A candid look at a personal site redesign that I abandoned before completion.
Leigh Howells Placeholder Logo

I have never designed a website for myself. I’ve designed hundreds of sites over the last 10 years (not all made it of course!). I’ve  ‘interpreted’ brands, created unique look-and-feels to reflect user personalities, designed logos, invented colour palettes, come up with image guidelines, written style guides etc. etc.  In fact,  I really cannot remember half of what I have worked on.  But none of it was for me.

Designing anything at all for me, to reflect my personality and style has never got very far.  I think the crux of the problem is the feeling that anything I do for myself should perhaps reflect a personal style and inversely that that anything I do for myself  may be viewed as my own personal style.  I think this is my main problem.  I’m not sure I have a personal style any longer.  I’ve created a whole range of sites in vastly varying styles, from children’s learning sites with cartoon characters and bright colours through to fairly minimalist corporate sites with hardly any images or colour at all.  I no longer really have a strong preference when it comes to generalities of styles that I like or don’t like, but instead I like whatever works for the specific needs of the target audience in question.  I like dark sites, I like busy sites, I like minimalist sites, I just like too many damned sites and styles, and without meaning to sound arrogant I could probably design in any style at all.

There is also the fear of judgement.  I’m a designer.  My site has to be original, perfectly executed, beautiful and polished, reflecting and maybe even pushing the boundaries of current design trends.  If I was a landscape gardener I would be expected to have more than a mud patch behind my house.  I will be judged.   ‘They’ won’t tell me they are judging me, may not even know they are judging me.

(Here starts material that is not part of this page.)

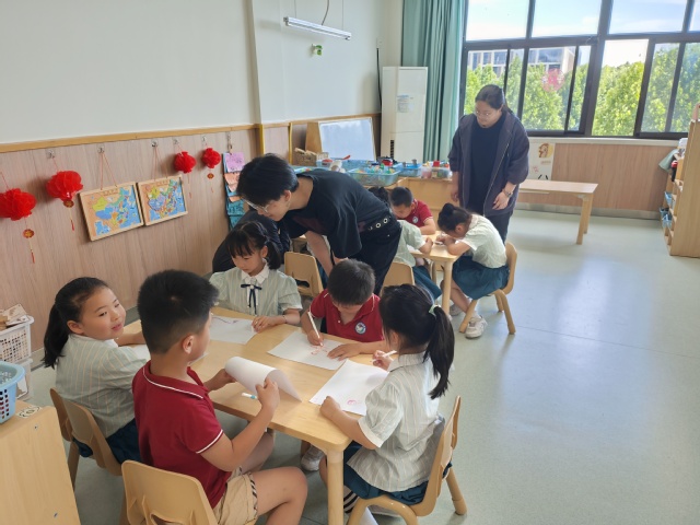 随后,主题活动“蒙眼舞动画”正式拉开帷幕。孩子们先在纸上画下自己,然后蒙上眼睛,伴随着音乐开始随意舞动、走动。音乐停止的瞬间,孩子们立马抱住身边的小伙伴并睁开眼睛,接着交换画并在彼此的画中加上任意元素。孩子们的画在互动中变得充满创意和惊喜。 在分享总结环节,3组孩子主动勇敢地走上台前分享他们的作品,每个作品都凝聚着孩子们的友谊和创意。最后,全部孩子拿着自己的作品拍照留念,记录下这难忘的时刻。 此次活动通过绘画团体心理辅导的形式,不仅让孩子们建立了友好的人际关系,感受到了拥抱的快乐,还通过合作绘画增强了他们的沟通能力和互动交流能力。相信这样的活动会在孩子们的心中留下美好的回忆,为他们的童年增添一抹绚丽的色彩。(撰稿:胡雨晴 初审:张弦乐 复审:王迅 终审:刘良宏) |
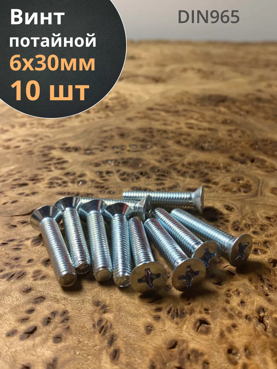 Винт потайной оцинкованный 6х30 DIN965, 10 шт.

But I will be judged none-the-less.

I have probably started about 20 or more personal portfolio sites.  Sometimes they die within an hour.  Sometimes they may make it to a whole week of excitement.  But then it happens.  I suddenly hate it.  It’s not cool enough, not original enough, it doesn’t reflect me.  It simply isn’t good enough.  Then the Photoshop file is pushed into a folder called ‘Leigh’ and there is stays.

It happened again last weekend.  A rush of excitement at the concept, frantic piecing together of elements, a flourish of colour and ideas.  This time it will be great, this time it will be really original a thing to be proud of.   Looking at it now it just looks a bit silly:

And so I’ve decided to ‘go with’ the posterous.com look.  A basic, simplistic ‘non designed’ site.  This will avoid the issue entirely allowing me to concentrate on actually adding some content !

Maybe for a designer who wants to have a space to simply house his portfolio/archive, whilst writing the occasional blog post and wanting to avoid becoming out-of-date or old-fashioned, this is no bad thing.